Copy all data exactly. Skip pictures.

Supplied information:
- Opening Delimiter -

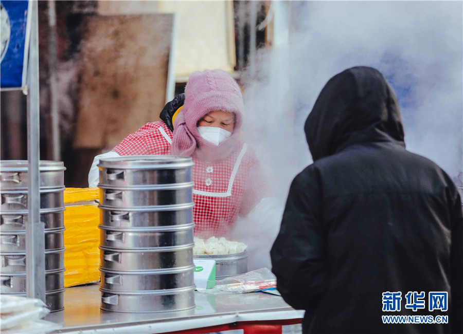 2023年1月1日,在沈陽市皇姑區明廉早市,賣早點的商鋪正在將一屜屜熱騰騰的早點搬上桌子售賣。新華網夏銘陽攝
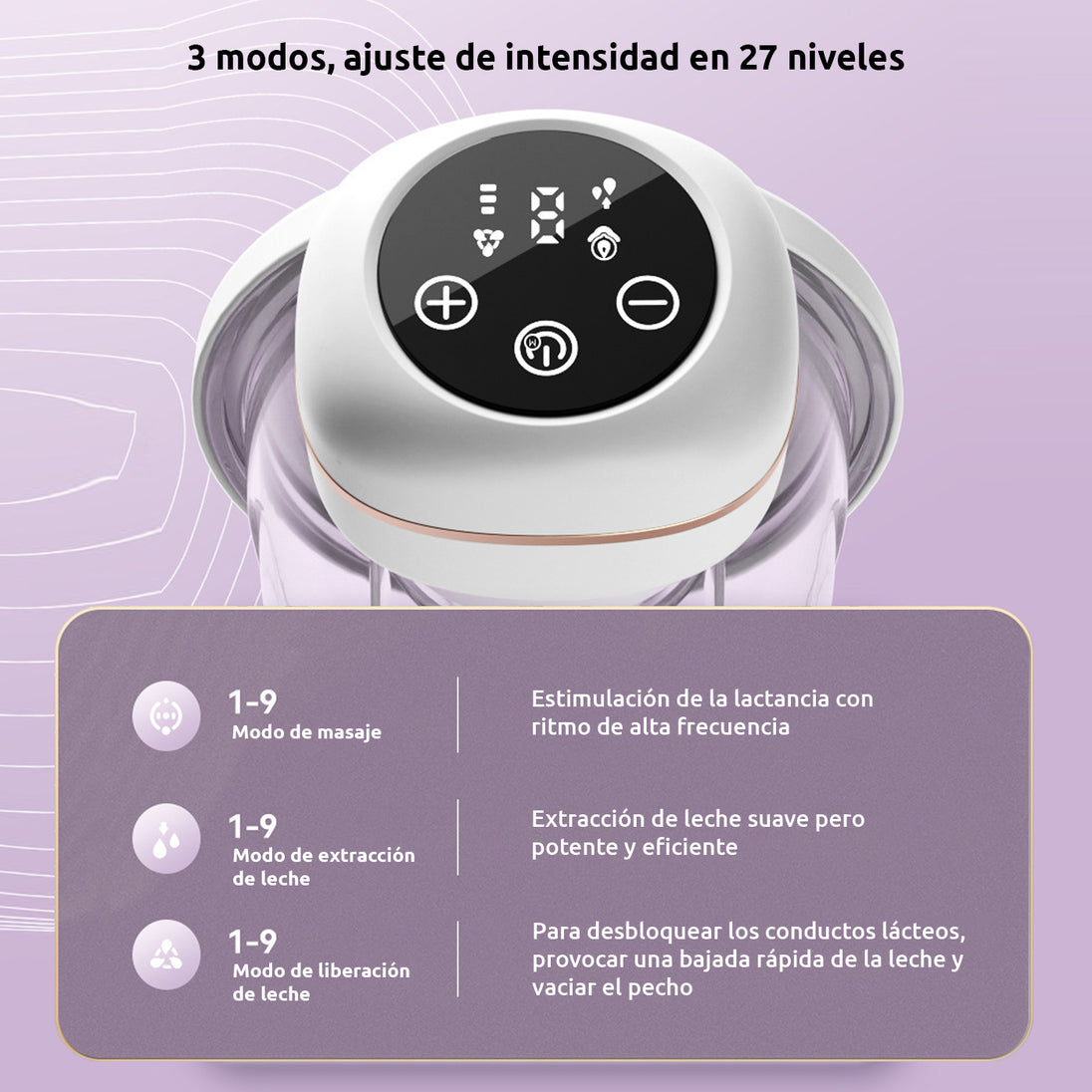 El extractor de leche portátil manos libres de ANIKIDS ofrece a las mamás la libertad y comodidad que necesitan. Este sacaleche eléctrico inalámbrico cuenta con 3 modos y 27 niveles de intensidad para una extracción rápida y eficaz. Su modo masaje estimula la producción con alta frecuencia, el modo succión garantiza una extracción suave pero potente, y el modo bajada desbloquea conductos para facilitar el flujo completo de leche. Ideal para madres ocupadas que buscan eficiencia y confort en cada uso.
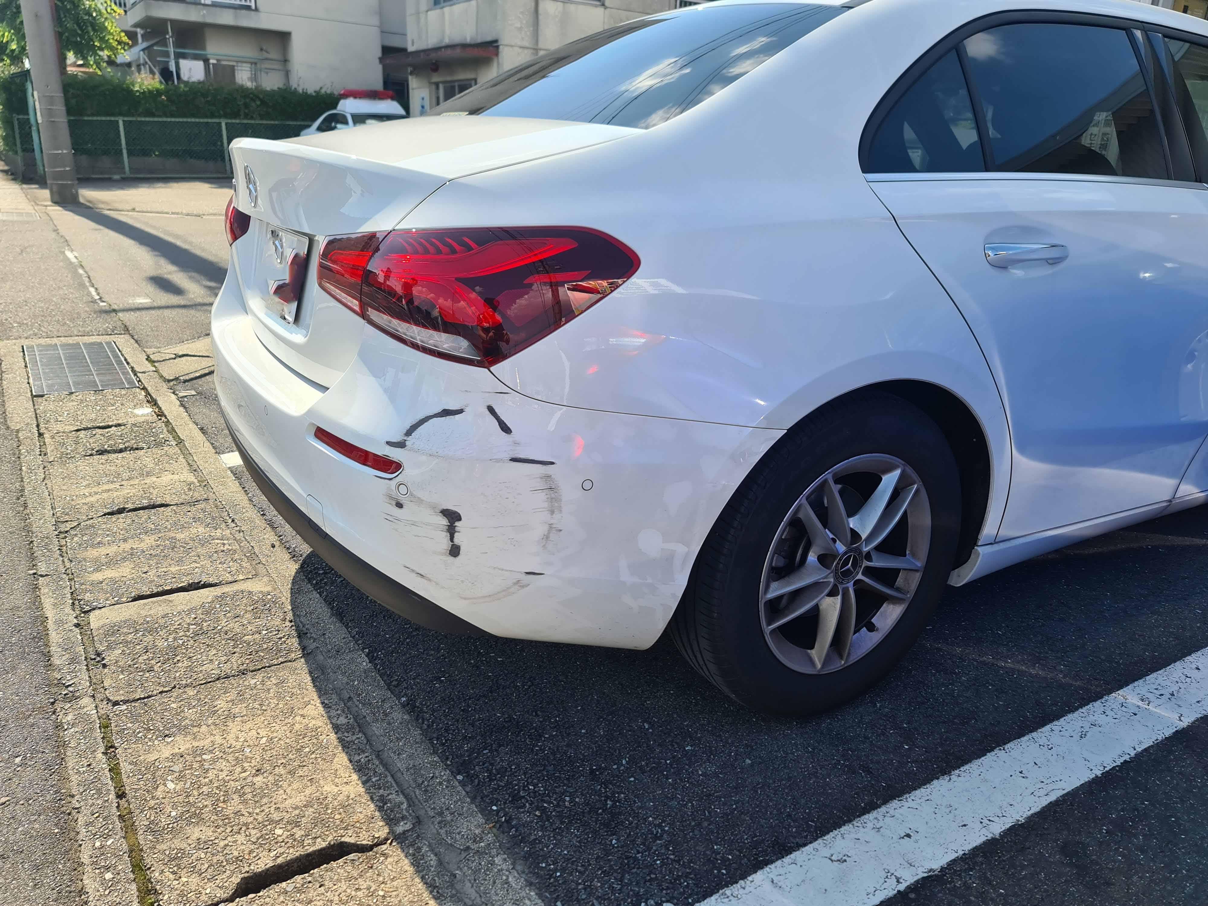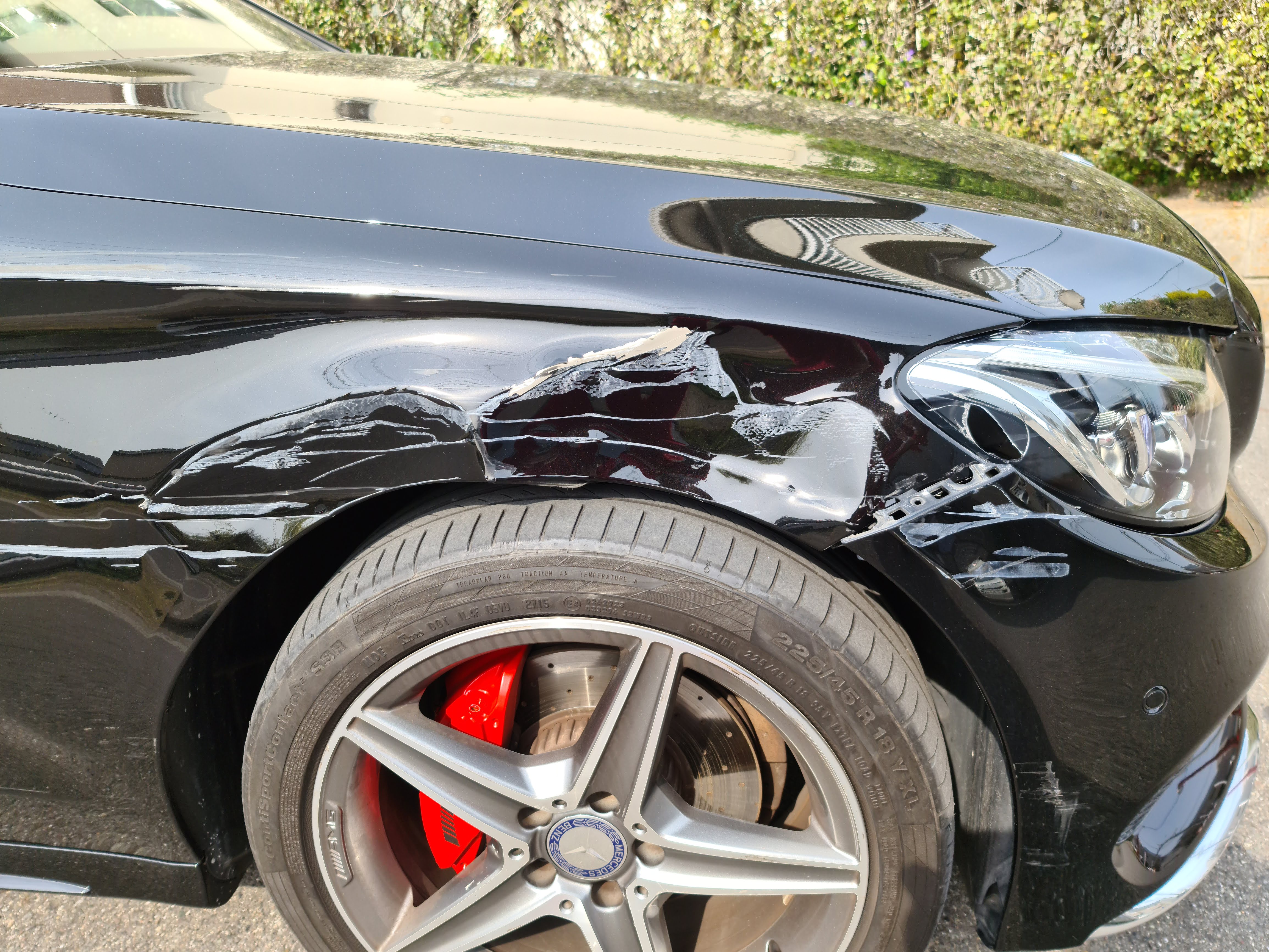 スリップ事故を起こし、ガードレールに激突。 高価なディストロニックセンサーを破損させてしまっています。
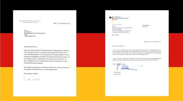127,德意志聯(lián)邦共和國駐上海總領(lǐng)事館總領(lǐng)事羅騰先生向我校蔡敬民書記轉(zhuǎn)呈了德國總理安格拉·默克爾的感謝信,并表示“期待能與合肥學院再次合作”。默克爾總理在感謝信中對我校在她訪問期間所作的精心安排和溫馨感人的接待表示衷心感謝,并表示:合肥學院與德國高校三十年的合作交流“又一次有力地表明了,幾十年來中國和德國以多姿多彩的方式進行了密切的伙伴合作”。“我們很愿意進一步擴大貴校與德國高校間現(xiàn)有的合作,在此方面,我樂意成為你們的密切合作伙伴”。

- Closing Delimiter -

Your solution:
 2023年1月1日,在沈陽市皇姑區明廉早市,賣早點的商鋪正在將一屜屜熱騰騰的早點搬上桌子售賣。新華網夏銘陽攝
 El extractor de leche portátil manos libres de ANIKIDS ofrece a las mamás la libertad y comodidad que necesitan. Este sacaleche eléctrico inalámbrico cuenta con 3 modos y 27 niveles de intensidad para una extracción rápida y eficaz. Su modo masaje estimula la producción con alta frecuencia, el modo succión garantiza una extracción suave pero potente, y el modo bajada desbloquea conductos para facilitar el flujo completo de leche. Ideal para madres ocupadas que buscan eficiencia y confort en cada uso.
 スリップ事故を起こし、ガードレールに激突。 高価なディストロニックセンサーを破損させてしまっています。
127,德意志聯(lián)邦共和國駐上海總領(lǐng)事館總領(lǐng)事羅騰先生向我校蔡敬民書記轉(zhuǎn)呈了德國總理安格拉·默克爾的感謝信,并表示“期待能與合肥學院再次合作”。默克爾總理在感謝信中對我校在她訪問期間所作的精心安排和溫馨感人的接待表示衷心感謝,并表示:合肥學院與德國高校三十年的合作交流“又一次有力地表明了,幾十年來中國和德國以多姿多彩的方式進行了密切的伙伴合作”。“我們很愿意進一步擴大貴校與德國高校間現(xiàn)有的合作,在此方面,我樂意成為你們的密切合作伙伴”。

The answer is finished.